She continued in the part until 1952 when she had to retire due to
illness. Ethyl Waters took The Beulah Show to ABC Television but McDaniel replaced her for six episodes in
1952. She quit the show after being diagnosed with advanced breast cancer and was replace for the final season of the
show by Louise Beavers.
Even
before the cancer diagnosis, McDaniel’s health had been in decline. In August 1950, McDaniel
suffered a heart attack and was
admitted to Temple Hospital in semi-critical condition. She was
released in October to recuperate at
home but suffered a mild stroke and on
January 3, 1951.
She
died of breast cancer at age 57 on October 26, 1952 in the hospital on the
grounds of the Motion Picture House
in Woodland Hills, California.
But
her troubles were not over. Hollywood Cemetery, where she wanted to
be buried, refused to accept her remains because of the strict segregation
policy.

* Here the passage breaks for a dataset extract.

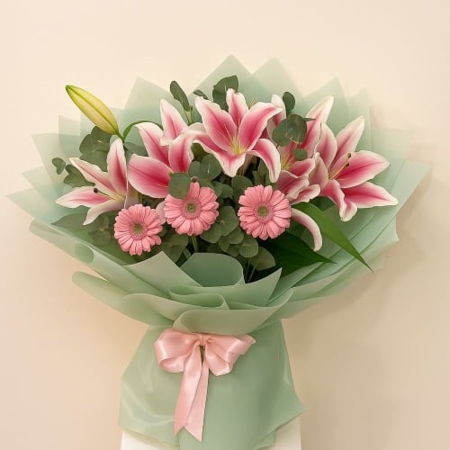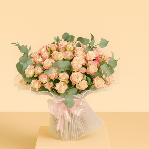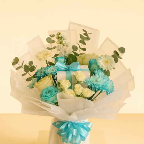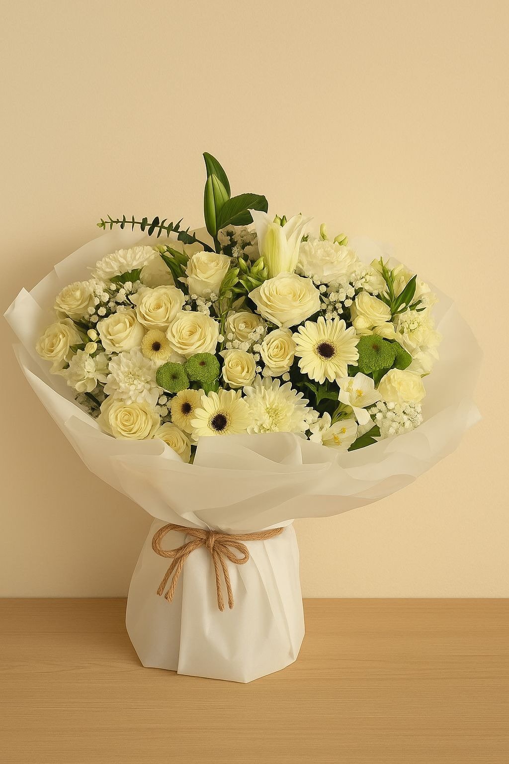 تجربة فاخرة تنتظرك مع باقاتنا الحصرية والمميزة، كل زهرة مختارة بعناية لتعبر عن مشاعر الحب والتقدير، مما يجعل هذه الباقة هدية مثالية لكل مناسبة خاصة، سواء كانت أعيادًا، ذكريات عزيزة، أو حتى لمسة جميلة في يوم عادي. الورود مرتبة ببراعة داخل غلاف أنيق ومعاصر، ليظهر كل تفصيل صغير جمالها الفريد، تتميز الأزهار بتدرجات لونية مبهرة تجمع بين الأحمر العميق، الوردي الناعم، والأبيض النقي، مع لمسات ذهبية وأرجوانية تضفي سحرًا خاصًا يعكس جمال الطبيعة..

She was buried instead at Rosedale Cemetery.
Despite
her good income from radio and TV, her estate
was valued at only $10,000 due to her generosity to family and friends and
sizable medical bills. The IRS claimed $11,000 in back taxes and a probate court ordered all of her property, including her Oscar, sold
to pay off creditors, principally
the IRS. Somehow the Oscar escaped the
sale and ended up at Howard University as
directed in her final will. It was on display in a cabinet in the theater department for several years before disappearing into storage. The University still can’t find the award but
vehemently denies rumors that angry student activists threw it into the Potomac in the 1970’s in protest to
McDaniel’s “demeaning portrayals.”
McDaniel with her now missing Academy Award trophy. Note that it was a plaque with a representation of an Oscar statuette, what Supporting player winners then were given.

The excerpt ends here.